I also want to look at the number of distinct clusters in each DBSCAN run

In [103]:
plt.figure()
for idx, val in enumerate(min_samples):
    plt.plot(epsilons, all_nclusters[idx], label = ('min_sample = ' + str(val)))
plt.xlabel('Epsilon')
plt.ylabel('Number of Clusters')
plt.grid(True)
plt.legend()
plt.show()

<IPython.core.display.Javascript object>

...and the number of outliers in each DBSCAN run

In [104]:
plt.figure()
for idx, val in enumerate(min_samples):
    plt.plot(epsilons, all_noutliers[idx], label = ('min_sample = ' + str(val)))
plt.xlabel('Epsilon')
plt.ylabel('Number of Outliers')
plt.grid(True)
plt.legend()
plt.show()

<IPython.core.display.Javascript object>

It is clear that as the number of clusters decreases, the number of outliers increases which is not ideal in this case since we are looking for closer to 2 clusters (not in the 100s) and as few outliers as possible.

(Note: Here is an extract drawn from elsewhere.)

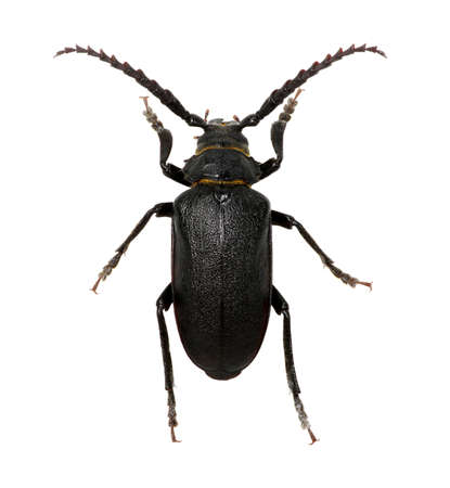 Big black bug isolated. Longhorn Beetle on white background. Macro photography of black insect with long antennae Saperda inornata.

I am going to select a DBSCAN clustering output with epsilon = 0.10 and min_sample = 11

In [106]:
dbscan = DBSCAN(eps=0.10, min_samples=11)
clus = dbscan.fit_predict(ANES_pca)

In [107]:
fig = plt.figure()
plt.clf()
ax = Axes3D(fig, rect=[0, 0, .95, 1], elev=48, azim=140)

plt.cla()

ax.scatter(ANES_pca[:, 0], ANES_pca[:, 1], ANES_pca[:, 2], c=clus, s=5)

ax.set_xlabel('lat')
ax.set_ylabel('lon')
ax.set_zlabel('alt')
plt.show()

<IPython.core.display.Javascript object>

  ax = Axes3D(fig, rect=[0, 0, .95, 1], elev=48, azim=140)


Let's attempt K-means clustering with N = 2 clusters

In [111]:
from sklearn.cluster import KMeans
km = KMeans(n_clusters=2, random_state=1)
km.fit(ANES_pca)

KMeans(n_clusters=2, random_state=1)

In [112]:
set(km.labels_)

{0, 1}

In [113]:
km.labels_

array([0, 1, 1, ..., 1, 1, 1])

In [115]:
metrics.rand_score(km.labels_, ANES_clean.president)

0.5004081148110824

K-means does provide for the highest (but just barely) Rand Index between the clusters and known values of Presidential Preference.  It may be a better algorithm when comparing between a known value of outcomes (2) and clustering approaches.